[WORK INSTRUCTIONS]
Without the images, reproduce each line of the material exactly.
+++
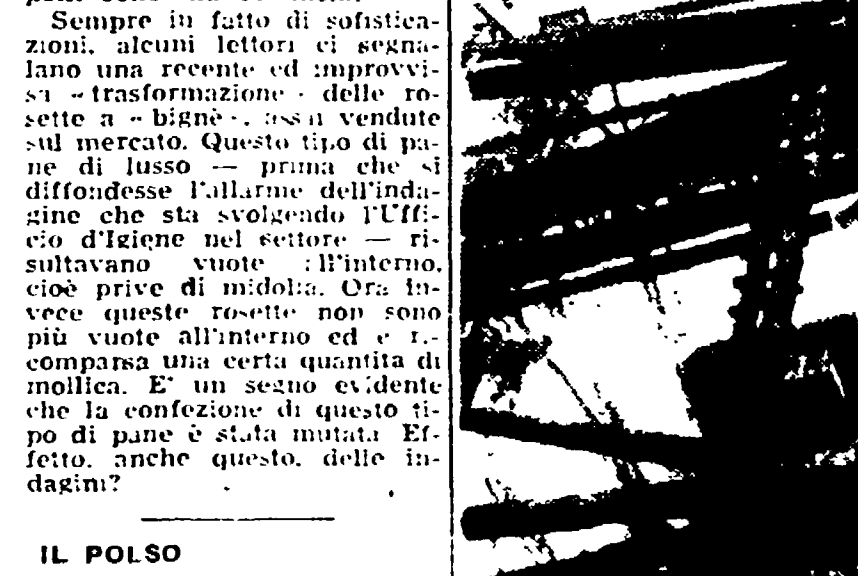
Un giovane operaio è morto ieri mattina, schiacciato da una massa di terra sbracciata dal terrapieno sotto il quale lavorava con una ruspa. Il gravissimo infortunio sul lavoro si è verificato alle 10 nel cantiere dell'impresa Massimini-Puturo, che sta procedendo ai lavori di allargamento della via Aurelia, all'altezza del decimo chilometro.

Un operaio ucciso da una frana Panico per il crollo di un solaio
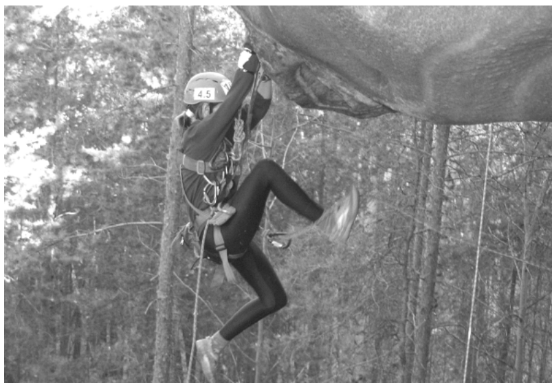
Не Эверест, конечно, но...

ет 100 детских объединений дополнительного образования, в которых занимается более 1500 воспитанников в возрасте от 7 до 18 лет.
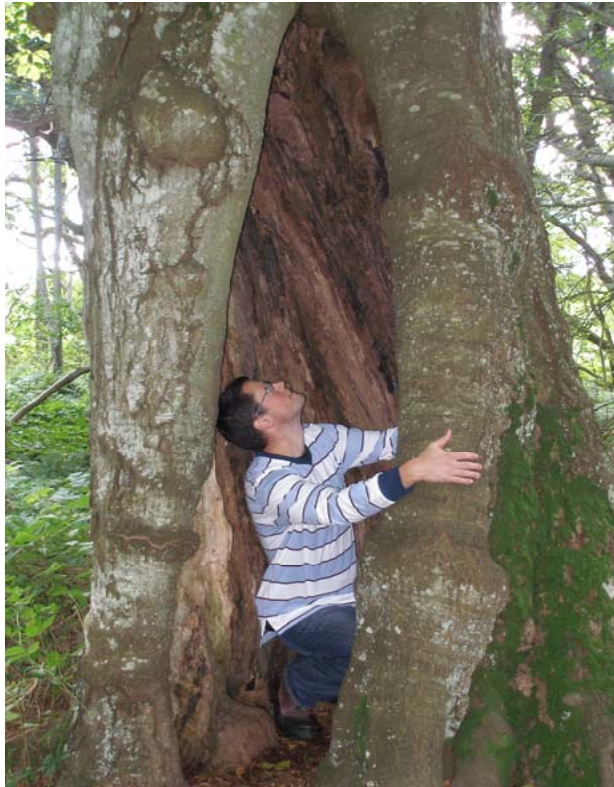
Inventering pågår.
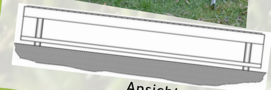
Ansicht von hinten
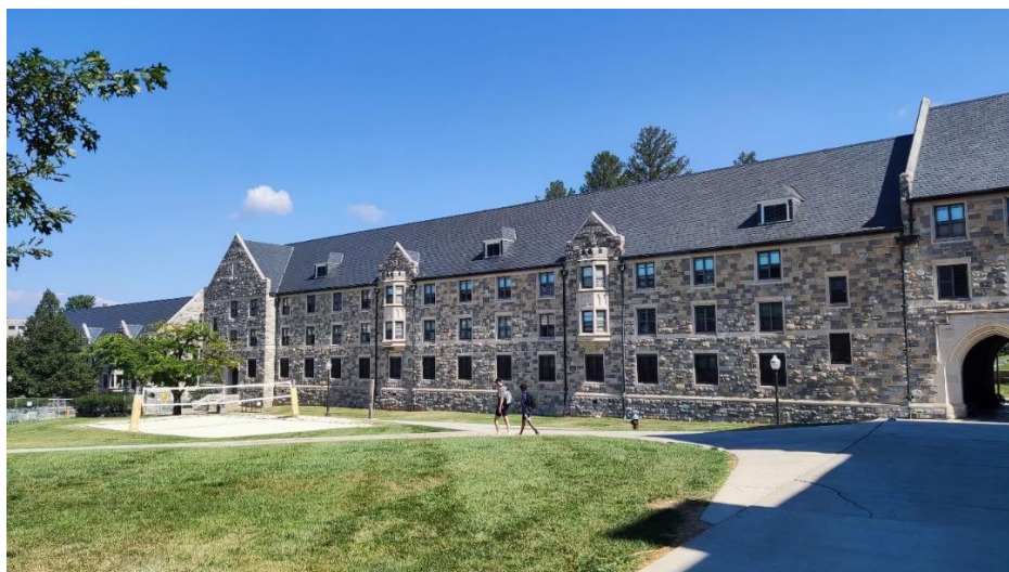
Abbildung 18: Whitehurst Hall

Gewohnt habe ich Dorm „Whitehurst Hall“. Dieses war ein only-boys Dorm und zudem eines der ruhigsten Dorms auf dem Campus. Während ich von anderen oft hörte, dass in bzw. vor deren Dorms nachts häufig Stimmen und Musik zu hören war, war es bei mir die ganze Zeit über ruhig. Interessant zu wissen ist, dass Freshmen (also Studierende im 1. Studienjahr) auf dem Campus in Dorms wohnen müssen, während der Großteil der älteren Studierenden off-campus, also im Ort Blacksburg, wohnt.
+++
[RESULT FOR THIS EXERCISE]
Un giovane operaio è morto ieri mattina, schiacciato da una massa di terra sbracciata dal terrapieno sotto il quale lavorava con una ruspa. Il gravissimo infortunio sul lavoro si è verificato alle 10 nel cantiere dell'impresa Massimini-Puturo, che sta procedendo ai lavori di allargamento della via Aurelia, all'altezza del decimo chilometro.

Un operaio ucciso da una frana Panico per il crollo di un solaio
Не Эверест, конечно, но...

ет 100 детских объединений дополнительного образования, в которых занимается более 1500 воспитанников в возрасте от 7 до 18 лет.
Inventering pågår.
Ansicht von hinten
Abbildung 18: Whitehurst Hall

Gewohnt habe ich Dorm „Whitehurst Hall“. Dieses war ein only-boys Dorm und zudem eines der ruhigsten Dorms auf dem Campus. Während ich von anderen oft hörte, dass in bzw. vor deren Dorms nachts häufig Stimmen und Musik zu hören war, war es bei mir die ganze Zeit über ruhig. Interessant zu wissen ist, dass Freshmen (also Studierende im 1. Studienjahr) auf dem Campus in Dorms wohnen müssen, während der Großteil der älteren Studierenden off-campus, also im Ort Blacksburg, wohnt.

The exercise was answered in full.